La joven terapeuta nos pidió poder estar sentada con Josep en una mesa de su tamaño, pequeña y blanca, vacía de cualquier elemento que no fuese el libro o el juego con el que estuvieran trabajando en cada momento, a ser posible en su habitación, sin ruidos ni distracciones. Todas las peticiones nos parecieron muy razonables y absolutamente asumibles. Recuerdo como fuimos a comprar ilusionados una pequeña mesa y dos sillas, unos cuantos puzles, encajes y nuevas construcciones de madera, libros con imágenes fotográficas y palabras escritas en letra de palo; compramos incluso una caja con cincuenta tubos para hacer pompas de jabón (si aquello era lo que motivaba a Josep, era necesario aprovisionarse). Todo lo imprescindible para ayudarlo a desarrollar unas habilidades que los otros niños adquirían de forma espontánea, por imitación, pero que él, por algún motivo que desconocemos, no era capaz de desarrollar por sí solo.

Al principio, yo me llevaba a Jana a merendar o a hacer alguna actividad extraescolar, para que Josep y la psicóloga pudiesen trabajar con la máxima tranquilidad. Como imaginaba, Josep no podía aguantar tanto rato sentado en una silla, ni siquiera en su habitación. Necesitaba correr por el pasillo y airearse un poco entre puzle y puzle. De hecho, un poco bastante. Por eso era necesario que no hubiera nadie más en casa.

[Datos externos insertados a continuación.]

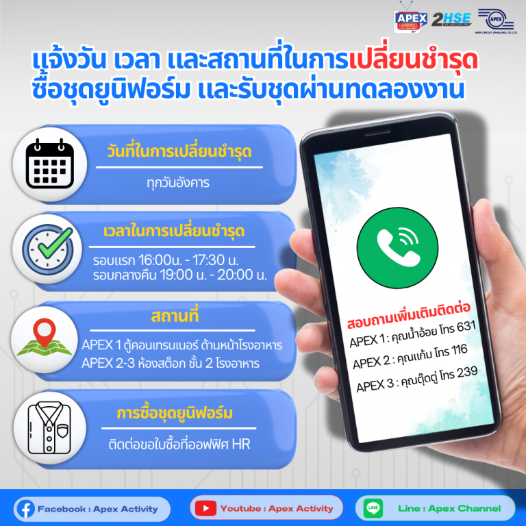 แจ้งวัน เวลา และสถานที่ในการเปลี่ยนชำรุดซื้อชุดยูนิฟอร์ม และรับชุดผ่านทดลองงาน

Pasados unos meses, decidimos que yo también me quedaría a las sesiones con Josep. La terapeuta me hizo este ofrecimiento al comprobar mi inquietud por los pocos progresos que estábamos consiguiendo. Para que viese de primera mano en qué consistía la terapia.

Intentar trabajar con él resultaba exasperante. Su cara encajando piezas era un poema. Una mezcla de pereza, aburrimiento y poca destreza difícil de igualar. Pero todo ese esfuerzo formaba parte de la tan elogiada y necesaria estimulación precoz; por tanto, era nuestra obligación continuar probándolo, aun teniendo la sensación de estar golpeando una pared imposible ni tan siquiera de resquebrajar.

¿A caso lo que estábamos intentando era como querer que un ciego distinguiera los colores a base de repetírselos millones de veces? Absurdo, ¿no?

Por todo ello, poco antes de que Josep cumpliera seis años me agobié muchísimo. Se acercaba la fecha límite y no habíamos conseguido todo aquello que supuestamente dependía de los estímulos que le hubiésemos ofrecido. Su evolución había sido muy escasa y el sentimiento de frustración enorme, especialmente en mi caso, que había invertido horas y horas al lado de especialistas, intentando conseguir que Josep hiciera puzles, señalara objetos, repitiera palabras. Aceptando hacerlo utilizando la técnica de la recompensa, como cuando adiestras a un perro. Pero nada… o prácticamente nada.

Nuestro hijo era y es un insumiso de la educación. Si percibe que estás intentando enseñarle algo, rápidamente se aleja de ti. Si puede, también físicamente. Su forma de aprender es absolutamente autodidacta, pero de esto solo te das cuenta con el tiempo.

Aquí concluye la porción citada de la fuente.